Jack McDevitt, |
Nearly a decade ago, Jack McDevitt published a novel titled The Engines of God, a wonderfully exciting space opera that convinced me this was an author to watch. As Stephen King has said, "Jack McDevitt is that splendid rarity, a writer who is a storyteller first and a science fiction writer second." Since the publication of The Engines of God, McDevitt has crafted stories that run the gamut of science fiction themes from time travel to post-apocalypse. But in the selection of books I managed to read in the intervening years, Ancient Shores, Eternity Road and his short fiction collection Standard Candles, I never found the intense spark that so captured my imagination in The Engines of God. That is, until I read Infinity Beach.
Infinity Beach is set on the planet Greenway, one of nine worlds humanity has settled. It tells the tale of Dr. Kimberly Brandywine, an astrophysicist whose career has strayed as a result of her talent for PR and fundraising. Brandywine has been busy championing an ambitious project known as Beacon. The plan is to explode a series of three stars in such a way that an alien observer will know this to be an artificial event, the product of a technologically advanced society, a signal of a desire for contact. Humanity has thus far failed to uncover any sign of a celestial race, has in fact failed to find even a trace of life anywhere it has managed to explore. And hope of ever encountering an alien intelligence is waning.

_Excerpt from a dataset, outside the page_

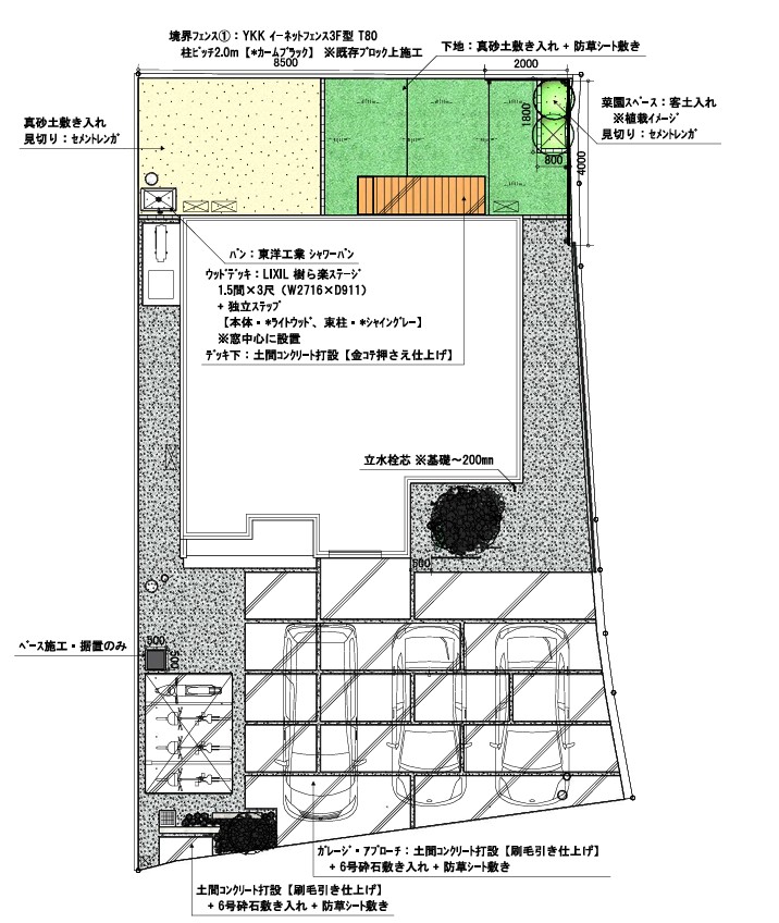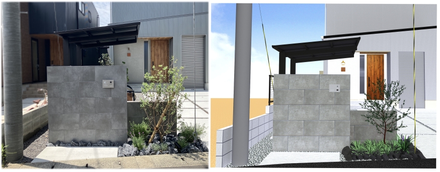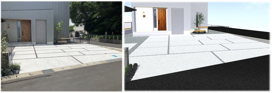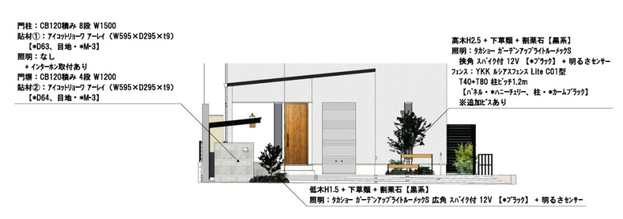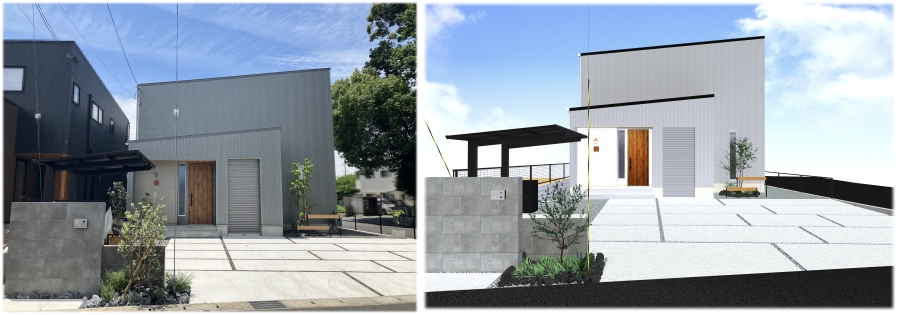 実際の施工写真と比べながら、こだわりポイントと採用しているエクステリアのご紹介をさせていただきます♩

The quest for a first contact is a Brandywine family obsession. Kim's sister Emily disappeared and is presumed to have died immediately following her return from a failed mission to explore nearby star systems likely to harbor life. Or was the Hunter mission a failure? An old teacher and friend of Kim's raises the disturbing possibility that the crew of the Hunter covered up the biggest scientific discovery of the age. And so the quest for the truth is launched.

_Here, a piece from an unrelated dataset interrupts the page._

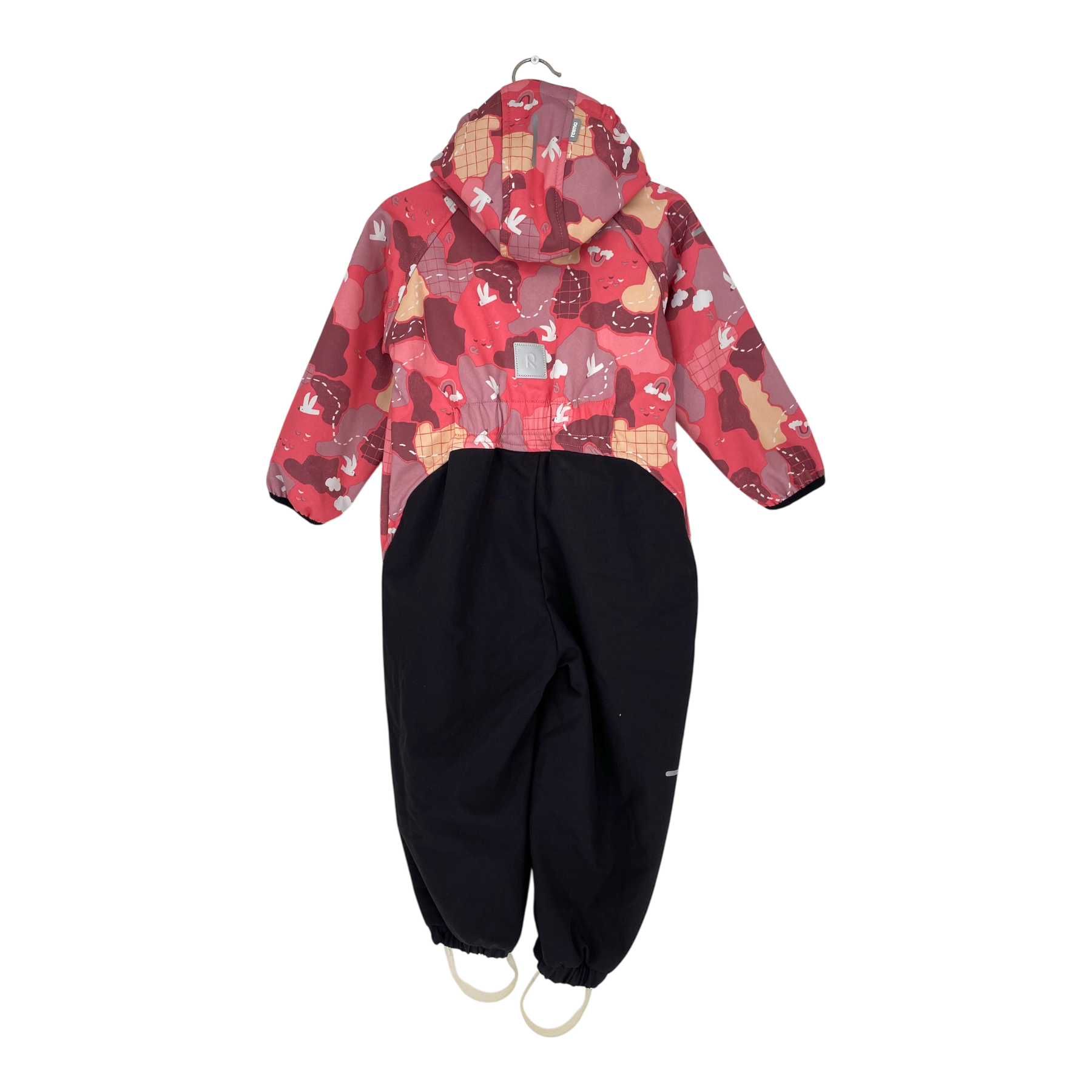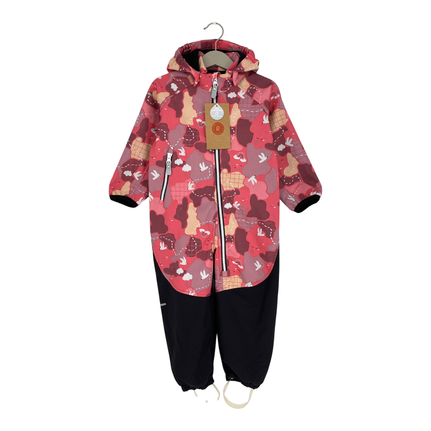 Reima Mjosa softshell midseason overall with detachable hood, one zipper pocket, reflective details, and detachable foot loops in hems. The material is originally waterproof up to 10,000mm water column, and the bottom part is very durable.

In Kim Brandywine, McDevitt has created a superb central character. He's given her drive and ambition, qualities that have been stymied as a result of the unsatisfying twists her career has taken. He's also given her a nicely balancing sense of fatalistic pessimism. Brandywine is a fully realized character around whom McDevitt spins a plot that tests her resolve, stamina and integrity. It's a plot with plenty of action and adventure but it doesn't devolve into the sort of gratuitous violence that too many authors depend on to propel their space operas. There's a strong cast of supporting characters and enough worldbuilding and history to lift Greenway off the page as much more than a simple backdrop. And, perhaps most remarkably, McDevitt has done all this in less than 450 pages. No small feat.
Since Infinity Beach McDevitt has produced several more well received novels (DeepSix in 2001, Chindi in 2002) so I think it's time to head off to the book store to catch up on my reading.